ISLAMABAD: Finance Minister Muhammad Aurangzeb said on Monday Islamabad was seeking a “larger and longer” bailout program from the International Monetary Fund, whose mission would arrive in Islamabad within the next ten days to start discussing a new loan deal.

Pakistan last month completed a short-term $3 billion program, which helped stave off sovereign default, but the government of Prime Minister Shehbaz Sharif has stressed the need for a fresh, longer term program.

Pakistan’s financial year runs from July to June and its budget for fiscal year 2025, the first by Sharif’s new government, has to be presented before June 30.

The IMF has not specified the dates of its Islamabad visit, nor the size or duration of any new program.

“We have requested the IMF … that we want to go into a larger and a longer program with the fund and they have acceded that request, and we are expecting the mission to arrive here within a week to 10 days, where we will start discussing the contours of the next program,” Aurangzeb said while addressing a conference in Islamabad. 

He said Pakistan needed a new IMF program to bring “permanence” to macroeconomic stability and continue to carry out “structural reforms.” 

The IMF has said accelerating reforms was more important than the size of a new program, which would be guided by a package of reforms and balance of payments needs.

Under the last $3 billion bailout, Pakistan implemented several IMF-mandated reforms, such as budget adjustments, increasing interest rates, and higher energy prices. 

Among expected reforms under a new program are strengthening public finances through gradual fiscal consolidation, broadening the existing tax base and improving tax administration, and debt sustainability, all while protecting the vulnerable.

Pakistan also needs to restore the viability of the energy sector and prevent further accumulation of circular debt arising from subsidies and unpaid bills.
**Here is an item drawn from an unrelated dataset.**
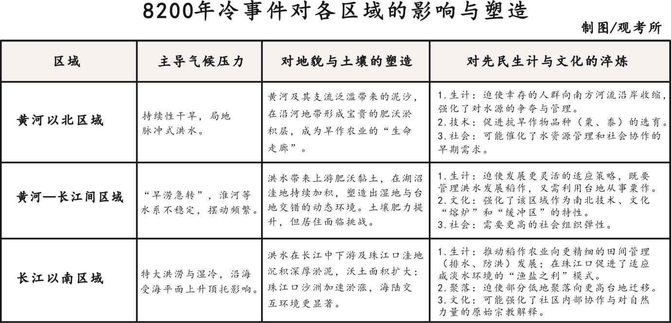 开篇:四张核心图表的启示——解码气候与文化演进的万年对话 在我们脚下这片孕育了人类文明、看似永恒的土地之下,其实埋藏着一部惊心动魄的万年史诗。这部史诗的篇章,由冰与火、水与土交替书写,主角是我们的祖先,导演则是反复无常的全球气候。 谁来揭示它?这可能吗?又有何种震撼人心的学术价值?一个全球性的文化谜题为我们提供了线索:据统计,全世界有超过600个民族的神话与传说中,都有关于大洪水的描述。其范围之广,跨越五大洲,这难道仅仅是巧合?还是远古人类对一段共同恐怖记忆的集体回响?真实情况究竟如何?是一场席卷全球的单一灾难,还是周期性上演的天地浩劫?时至今日,我们理应运用现代科学的力量,综合多学科的研究成果,对这一塑造了人类命运的现象进行系统性的解码。 您是否想过,在文字尚未诞生的蒙昧年代,我们的先祖是如何面对那足以抹平一切、持续数十年甚至数百年的万古寒荒般的严寒,以及随之而来的、吞噬家园的滔天大洪水?文明微弱的火种,又是如何在极端的冰封与滔天的洪流中得以保存,并最终燃成照亮东方的燎原之火?中华文明的坚韧幼苗,如何在万年前的冻土中萌发,一路栉风沐雨,长成参天巨树,并在全球古文明大多已中断的背景下硕果仅存,成为人类万年历史绵延至今的主要古老文明体之一。 能为这些疑问提供系统性答案的离不开这四张核心图表。 图一:12800年来全球气温变化示意图 图二:四次大降温事件年代参数及对中华文明演进的影响 图三:12800年来全球气温变化引发的洪水事件对应表 图四:中华文明万年间各黄金时期演进对照表 这四张图表绝非冰冷数据的简单罗列。它们是一个全新研究范式的呈现——“气候—文明互动分析框架”,该范式由东莞观音山考古研究所团队经过多年探索,在充分吸纳前人成果、去伪存真的基础上,创造性地融合古气候学、地质学、考古学、古天文学、分子人类学、语言学等多学科方法而提出。它清晰地揭示:中华文明的发展节奏,与全球气候的周期性剧变息息相关,文明的每一次重大进步,都深深烙刻着适应环境挑战的印记。 本文正是运用这一范式,首次尝试以“黄河以北”“黄河—长江之间”“长江以南”这三大具有鲜明生态与文化差异的地理舞台为叙事主线,带领读者重返那段波澜壮阔的岁月。我们将看到,从约12800年前“新仙女木事件”的毁灭性寒冬,再到约5500年前各大区域文明百花齐放的鼎盛时期,气候如何像一只无形巨手,塑造着中华大地的山河地貌,筛选着动植物种群,也锤炼着我们祖先的生存策略、社会组织与精神世界。这是一部关于生存、适应与创造的万年史诗,而“大考古观”下的“观音山新范式”,正是我们打开这部史诗之门的钥匙。 本文的核心在于重点讲述中华文明的发展历程,故世界其他地区的文明演进进程在此暂且不表。然而,本文所构建的“气候—文明互动”分析框架具有普适性。若能以此框架为工具,参照世界其他各地的考古证据,亦可勾勒出全球其他各大洲及各地理单元的基本概况。 本文在广义上使用“中华文明”一词,指代在中华大地上自万年前以来孕育、发展,并最终形成连续不断文化传统的整个进程,其早期阶段通常被称为“文化”或“复杂社会”。 第一部分:“四表”的学术价值与考古赋能 1.总述“四表”揭示的宏观规律与文明韧性 上述四张核心图表揭示了一个超越线性史观的宏观规律:中华文明的发展轨迹,并非一帆风顺的坦途,而是在“气候剧烈降温—冰川扩张大面积南下—气候急速回暖—冰川崩解消融—特大洪水席卷—冲积平原扩展—气候相对稳定—万物蓬勃生长—新一轮降温”的周期性震荡中,经历着毁灭性打击与奇迹般的重生。每一次全球性的环境剧变之后,往往迎来一段长达数百乃至数千年的相对稳定期,即“黄金时期”。文明的薪火就在这“毁灭(剧变)—重建(黄金期初期)—发展(黄金期鼎盛)”的循环中,一次次淬炼,一步步迈向更高阶的复杂社会。 我们将这种在极端环境压力下不仅能够存续、更能实现复苏与跃升的能力,定义为中华文明早期韧性的核心体现。而“四表”所构建的“气候—文明互动分析框架”,正是我们解码这份万年韧性的关键工具之一。 2.介绍四大黄金期的文化命名(甘棠安期、玉露和期、景风明期、嘉穗丰期)及其人文内涵 观音山考古研究所研究团队以众多学科考古成果为基础,创造性地从中华典籍中提炼出具有深厚文化内涵的命名体系——“甘棠安期”(约11500年—8200年前)、“玉露和期”(约7900年—5500年前)、“景风明期”(约5200年—4300年前)与“嘉穗丰期”(约3900年前—清代时期)。这套命名不仅根植于考古实证,更承载着对文明韧性的深刻理解,通过科学与人文交融的叙事框架,向世界展现中华文明在万年气候挑战中持续发展的独特智慧。 从这一宏大视角延伸开来,我们发现世界其他各大洲古人类的命运走向,与这四张图揭示的气候律动同样密不可分。不同的是,由于地理环境、资源禀赋和社会结构等多重复杂原因,其他大陆的古文明在严酷的气候挑战下都相继中断,未能将火种传递至今。唯有中华文明凭借其优越的地理环境和独特的适应智慧、坚韧的社会组织及强大的文化凝聚力,百折不挠,长盛不衰,在一次次劫难后焕发新的生机,发扬光大,最终成为人类文明史上最具代表

Other reforms will include cutting inflation, stimulating private sector growth and adopting a market-driven exchange rate to help balance external accounts and rebuild foreign reserves.

PIA PRIVATIZATION

“We have to broaden our tax base,” the finance minister said, outlining reforms under new IMF deal. “Our tax to GDP [ratio] is languishing at about 9 percent ... we have to start moving it toward 14- 15 percent.”

“We have to start resolving the complex energy equation … And the third one is the SOE [state-owned enterprises] reform,” Aurangzeb said. “Our prime minister has been very clear that the government has no business being in business … We need to and we will accelerate the privatization agenda.”

He said he hoped that PIA, the national carrier, and other privatization deals would get through the “finishing line” by early July. 

Last week, Pakistan pushed back the deadline for companies to express interest in buying PIA to May 18, a day before the expressions had originally been due. The privatization commission says 10 companies have already expressed an interest.

Pakistan’s government has previously said it was putting on the block a stake of between 51 percent and 100 percent in the loss-making airline.

The disposal of the flag carrier is a step that past elected governments have steered away from as it is likely to be highly unpopular, but progress on privatization is key to helping cash-strapped Pakistan pursue further funding talks with the IMF.